Endogenous chemical exchange saturation transfer (CEST) effects of
protons resonating near to water
protons are always diluted by competing effects such as direct water saturation and semi-solid magnetization transfer (MT). This leads to unwanted T2 and MT signal contributions that contaminate the observed CEST signal. Furthermore, all CEST effects appear to be scaled by the T1 relaxation time of the mediating water pool. As MT, T1 and T2 are also altered in
tumor regions, a recently published correction algorithm yielding the apparent exchange-dependent relaxation AREX, is used to evaluate in vivo CEST effects. This study focuses on CEST effects of
amides (3.5ppm) and Nuclear-Overhauser-mediated saturation transfer (NOE, -3.5ppm) that can be properly isolated at 7T. These were obtained in 10
glioblastoma patients, and this is the first comprehensive study where AREX is applied in human brain as well as in human
glioblastoma.

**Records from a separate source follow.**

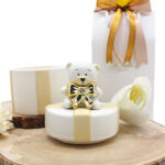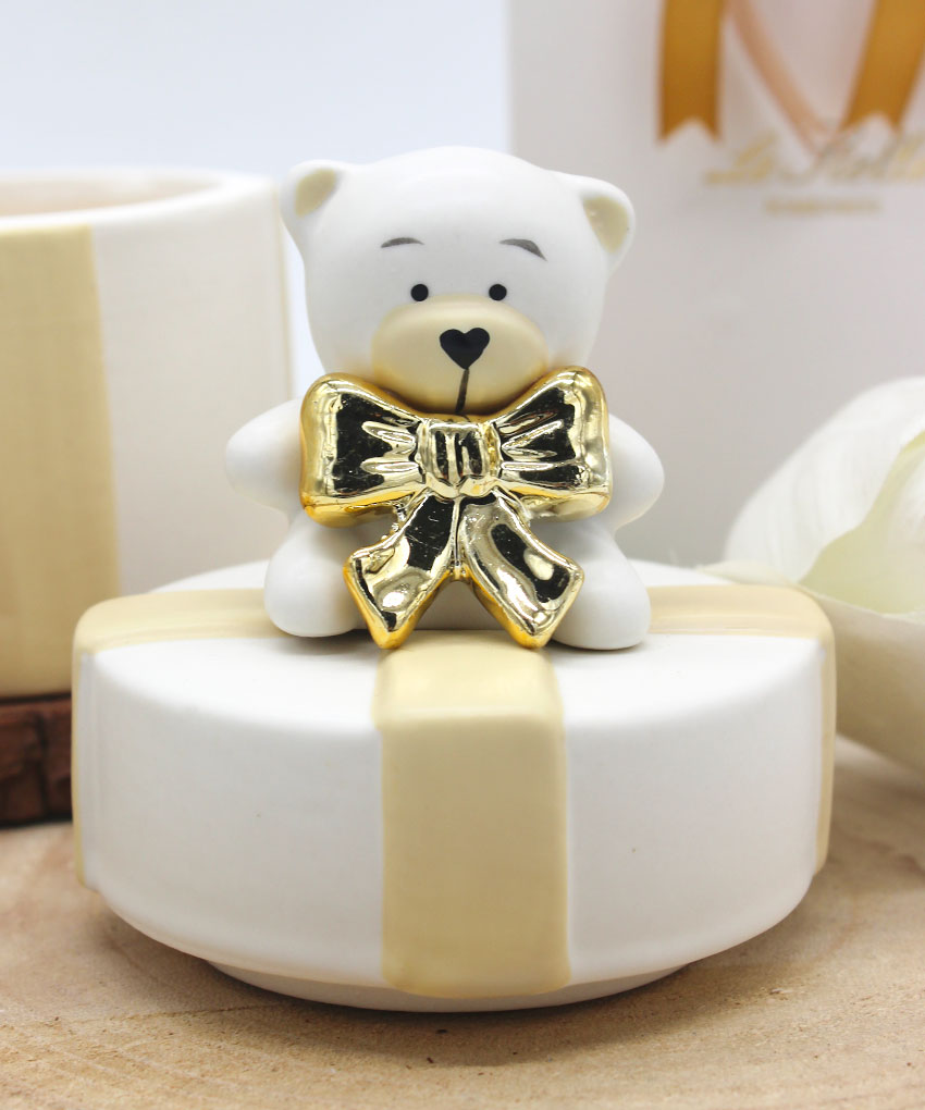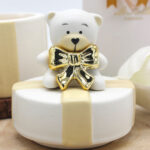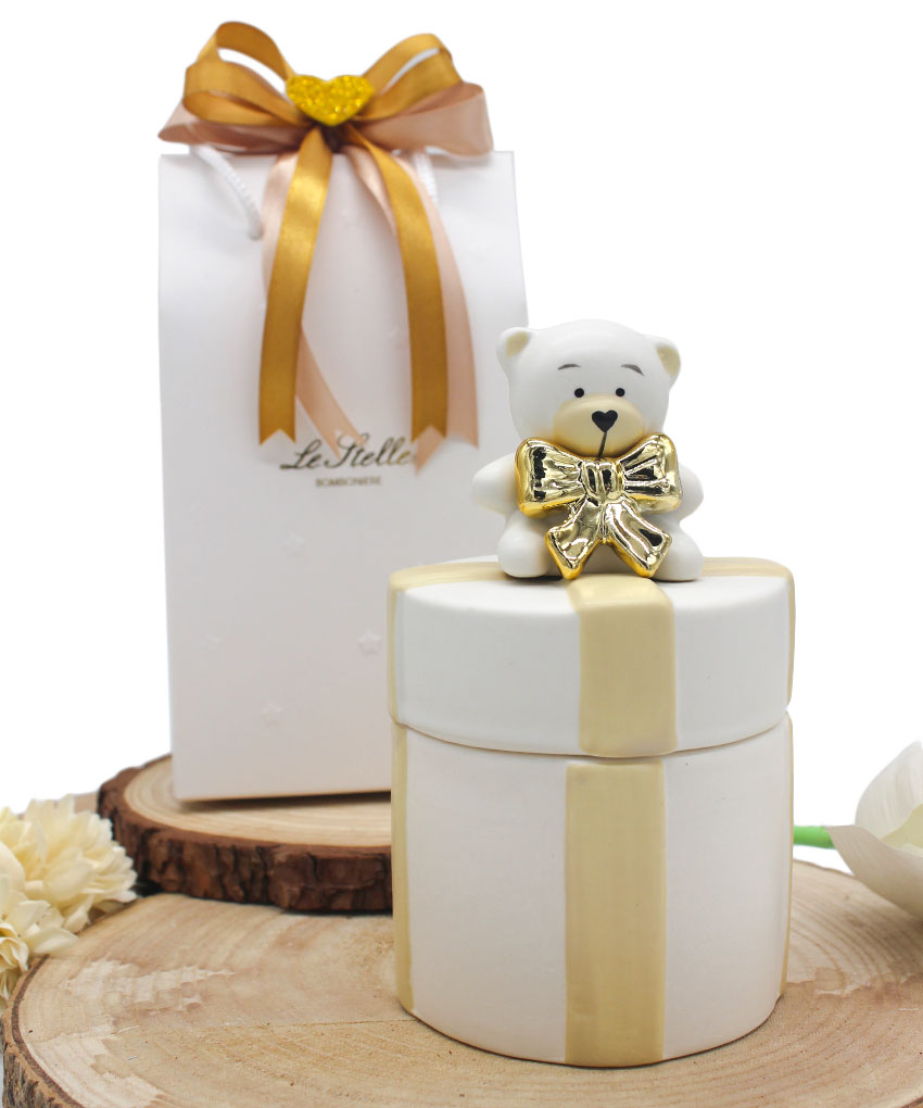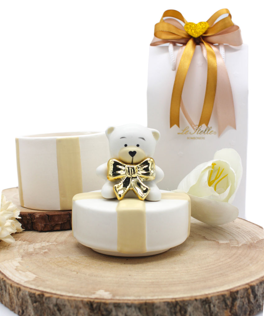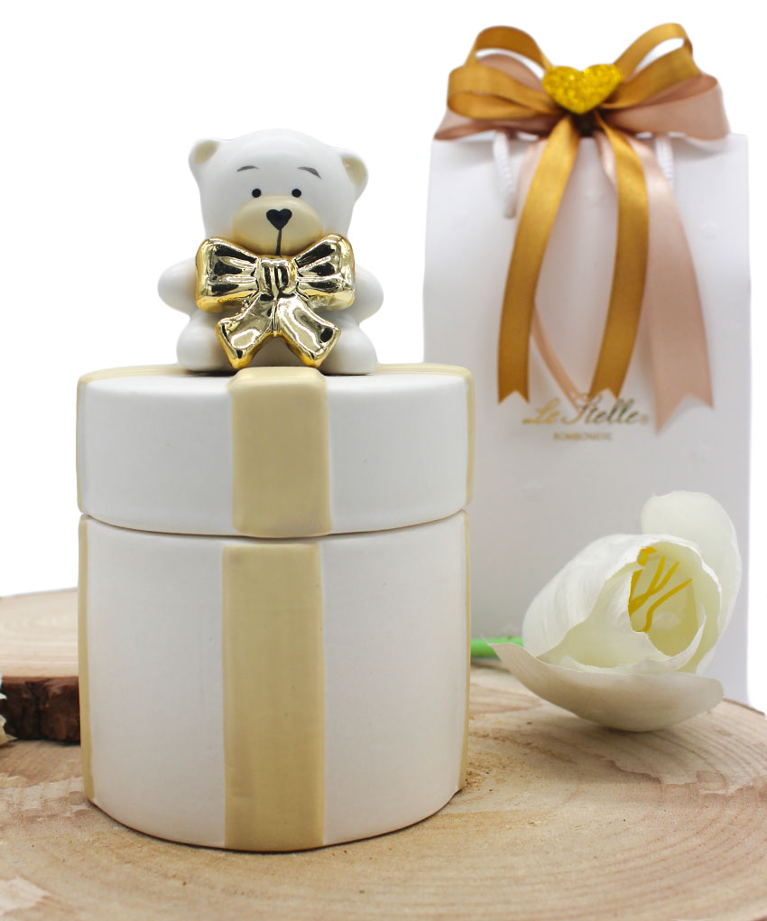 Bomboniera Scatola Orsetto in Porcellana Bianca con Fiocco Oro – Confezione Omaggio Inclusa
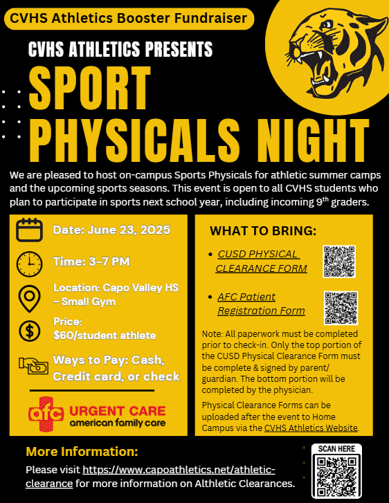 We’re excited to invite all student-athletes to our CVHS Sports Physicals Night, hosted on campus as part of our Athletics Booster Fundraiser. This is a great opportunity for students to complete their sports physicals ahead of summer camps and the 2025-26 athletic seasons.
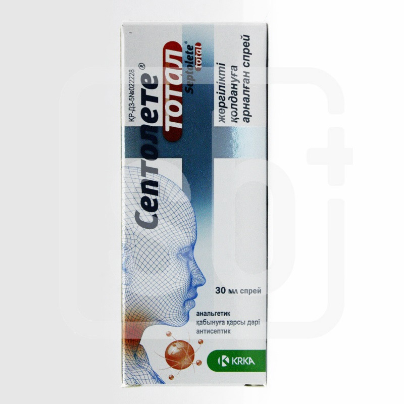 Прозрачная, от бесцветного до желтоватого цвета жидкость | Состав+1 мл препарата содержитбензидамина гидрохлорид 1,5 мг,цетилпиридиния хлорид 5 мг (в виде цетилпиридиния хлорида моногидрата) | Противопоказания+- повышенная чувствительность к активным веществам или к любому вспомогательному веществу- детский возраст до 6 лет | Побочные действия+Редко (больше или равно 1/10 000 до ‹1/1 000):- реакции повышенной чувствительности- бронхоспазм- крапивница, светочувствительностьОчень редко( ‹1/10 000):- раздражение слизистой оболочки полости рта, чувство жжения в полости ртаНеизвестно (не может быть оценено на основе имеющихся данных):- жжение и/или онемение слизистой оболочки полости рта | Способ применения+Взрослым и детям старше 12 лет: для применения разовой дозы, распылительная головка должна быть нажата один — два раза. Процедуру можно повторять через каждые 2 часа, 3-5 раз в день.Для достижения оптимального эффекта, не рекомендуется использовать препарат непосредственно до или после чистки зубов.Не следует превышать рекомендуемую дозу. Септолете® тотал, спрей для местного применения, можно использовать в течение 7 дней.Пациентам пожилого возраста: рекомендуемая доза такая же, как и для взрослых пациентов.Детям от 6 до 12 лет: для применения разовой дозы, распылительная головка должна быть нажата один раз. Процедуру можно повторять через каждые 2 часа, 3-5 раз в день. При использовании спрея дети должны быть под присмотром взрослых.Детям до 6 лет: противопоказано (См. раздел «Противопоказания»).Способ примененияПеред первым применением необходимо несколько раз надавить на распылительную головку, пока не появятся мелкие капли.Если распылитель не используется в течение длительного периода времени (например, по крайней мере, в течение одной недели), нажмите распылительную головку один раз, чтобы появились мелкие капли.Перед использованием снимите пластиковую крышкуОткройте широко рот, направьте форсунку к горлу и нажмите распылительную головку 1-2 раза. Задержите дыхание во время распыления.После каждого использования, закройте пластиковой крышкой распылительную головку.При однократном нажатии извлекается 0,1 мг спрея, в котором содержится 0,15 мг бензидамина гидрохлорида и 0,5 мг цетилпиридиния хлорида. | Показания к применению+Септолете® тотал, спрей показан взрослым и детям старше 6 лет для противовоспалительного, обезболивающего и антисептического лечения раздражений в горле, полости рта и десен, при гингивите, фарингите, ларингите и тонзиллите, а также до и после удаления зубов. | Объем: Спрей для местного примененияАртикул: A01-0004593
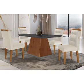 Abaixo segue os produtos do KIT: Sala de Jantar Completa Luna c/ Tampo Madeirado c/ Vidro Canto Curvo 120x80cm e 4 cadeiras Imperatriz Imbuia/Grafite - Suede Creme - Rufato
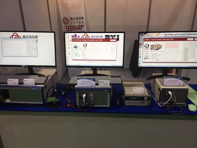 뿐만 아니라 이번 전시회에서는 내쇼날 인스트루먼트(NI)의 최대 ‘Gole Alliance Partner’였던 JX 인스트루먼트(구 VI Sevice Network)사에서 제공한 자동차 오디오 테스트(Car audio test) 및 자동차 스타트 전압(Car starting voltage) 데모를 전시해 전시를 찾은 많은 고객들의 호응을 얻었다.

The correction of CEST effects alters the contrast significantly: after correction, the CEST effect of
amides does not show significant contrast between contrast enhancing
tumor regions and normal tissue, whereas NOE drops significantly in the
tumor area. In addition, new features in the AREX contrasts are visible. This suggests that previous CEST approaches might not have shown pure CEST effects, but rather water relaxation shine-through effects. Our insights help to improve understanding of the CEST effect changes in
tumors and correlations on a cellular and molecular level.